Хлебник побелел: в Съезжей могли и до смерти запороть. Поманил целовальника рукой.
— Погодь, батюшка… Дельце у меня к тебе. Зайдем-ка в прируб.
Селиван плотно прикрыл дверь и протянул целовальнику кожаный мешочек с серебром.
— Прими, батюшка Афанасий Якимыч, на государево дело.
Но Пальчиков осерчал пуще прежнего, огрел хлебника плеткой.
— Мздоимством не грешен!
Толкнул ногой дверь.
— Ярыжки!
На Москве диву дивились: бессребреник Афанасий Якимыч! При такой-то службе да чтоб к рукам не прилипло! Кругом мздоимец на мздоимце. Этот же праведник и святоша. Чуден Афанасий!

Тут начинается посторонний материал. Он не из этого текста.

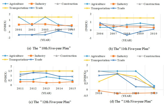 Trends of DAIs of five national economic sectors in each period.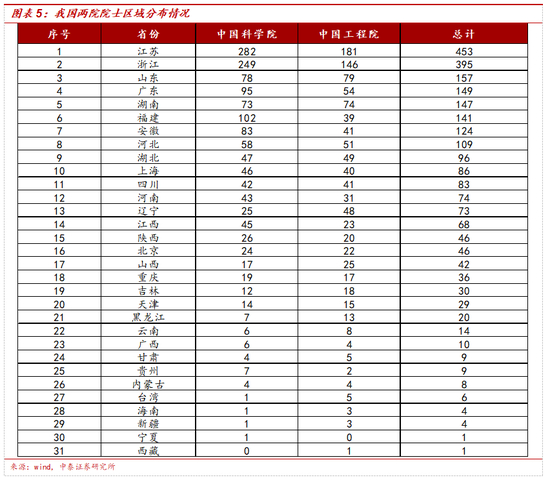 江浙地区院士人数远超其他地区,与经济发展水平、教育水平呈正相关。此外,山东、广东、湖南、福建、安徽、河北等地位列3-8位,分别为157、149、147、141、124、109人,同样为院士出产大户。相比之下,籍贯为广西、甘肃、贵州、内蒙古、台湾、海南、新疆、宁夏、西藏等省份的院士在10人和10人以下,表明我国院士区域分布还很不均衡,如贵州两院院士共计只有9名,是江苏的1/50。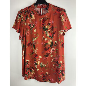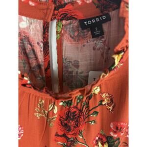 NWT Torrid Rayon Slub Mock Neck Flutter Sleeve Top Floral Orange Plus Size 2 2X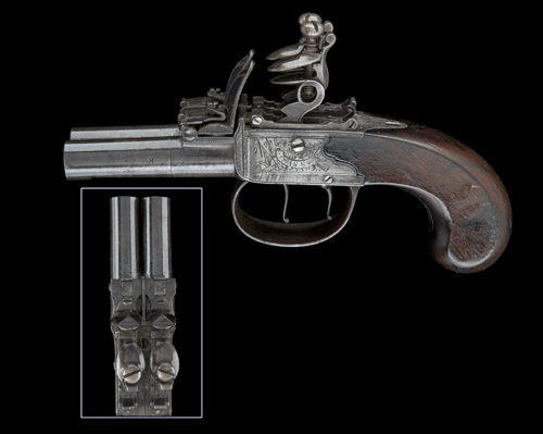 A 60-BORE FLINTLOCK DOUBLE-BARRELLED BOXLOCK POCKET PISTOL,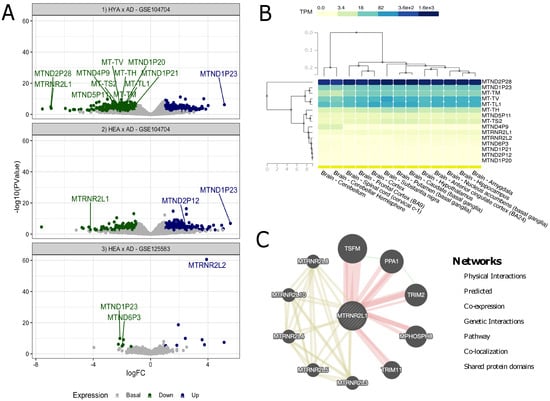 Analyses of the GEO and GTEx samples. (A) Volcano plot of DE analysis for Alzheimer’s disease; the marked dots are differentially expressed mitochondrial DNA genes, while all others are nuclear genes; (B) GTEx biclustering for mtDNA genes in 13 brain tissues; (C) gene–gene interaction network of MTRNR2L1.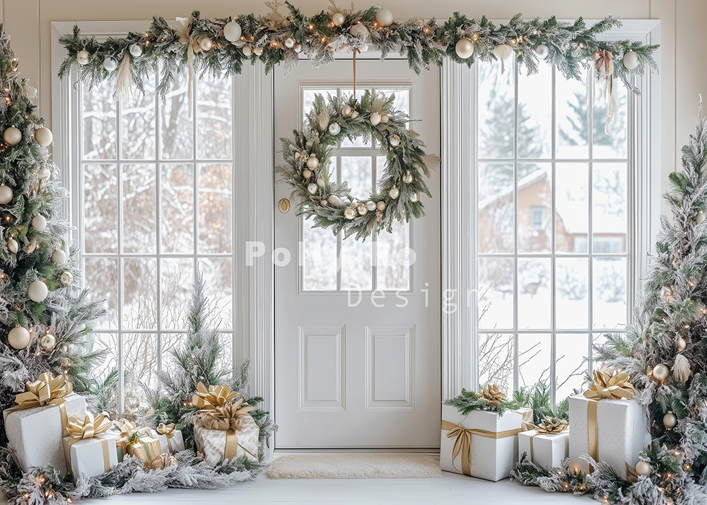 Avezano Christmas White Doors and Windows Photography Backdrop Designed By Polly Ro Design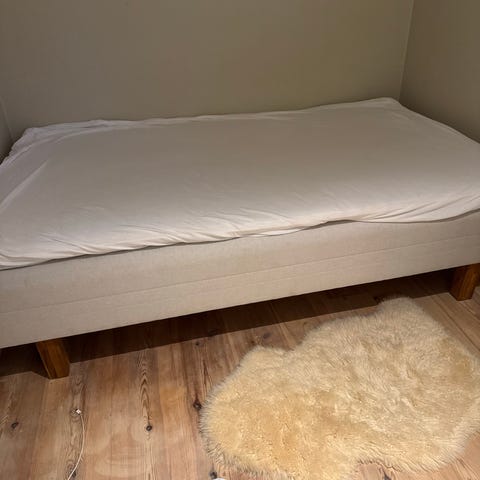 Resårbotten med mörkgrå klädsel. Fast. Finns att hömta i Skanör.

Однако никто не ведал его помыслов. А помыслы Пальчикова были с дальним прицелом. Давно чаял он выбиться в думные дворяне, денно и нощно о том молился. И не напрасно: слух о его радении до Бориса Годунова дошел, вот-вот Пальчикова в думные пожалует. То-то залебезят дружки и недруги.
Усердствовал Афанасий Якимыч!
Раздачей царской милостыни ведал дьяк Силантий Карпыч Демидов. Чуть утренняя заря в оконце, а Силантий Карпыч уже на Житном дворе. Упаси бог проспать! Дел — тьма тьмущая, царь доверил хлеб и деньги. А сирых, убогих да нищих — тысячи. Теперь вся Русь в голоде, отбою нет. Забот столь, что и соснуть некогда.
Обошел житницу. Подле амбаров — люди оружные. Много их, но меньше и нельзя: народ озверел.
Зашагал к задним (запасным) воротам, открыл волоковое оконце калитки. За воротами толпилась добрая сотня нищих; полуголые, в ветхих рубищах, с большими котомами.
— Седни еще боле налезло. Ладно ли? — глянув в оконце, молвил стрелецкий пятидесятник.
Дьяк промолчал, лишь в густую бороду хмыкнул. Служилый же продолжал с опаской:
— Еще подходят… Чужих нет ли? Кабы впросак йе попасть, Силантий Карпыч.
— Не попадем. Впущать сам буду.
Открыл калитку. Впуская голь, зорко всматривался в лица. Пятидесятник вел счет. Закрыли калитку на сто пятом нищеброде. Грязная, драная толпа потянулась за дьяком в Хлебную избу. Силантий Карпыч уселся в кресло, кивнул низенькому ушастому подьячему, склонившемуся над длинным столом.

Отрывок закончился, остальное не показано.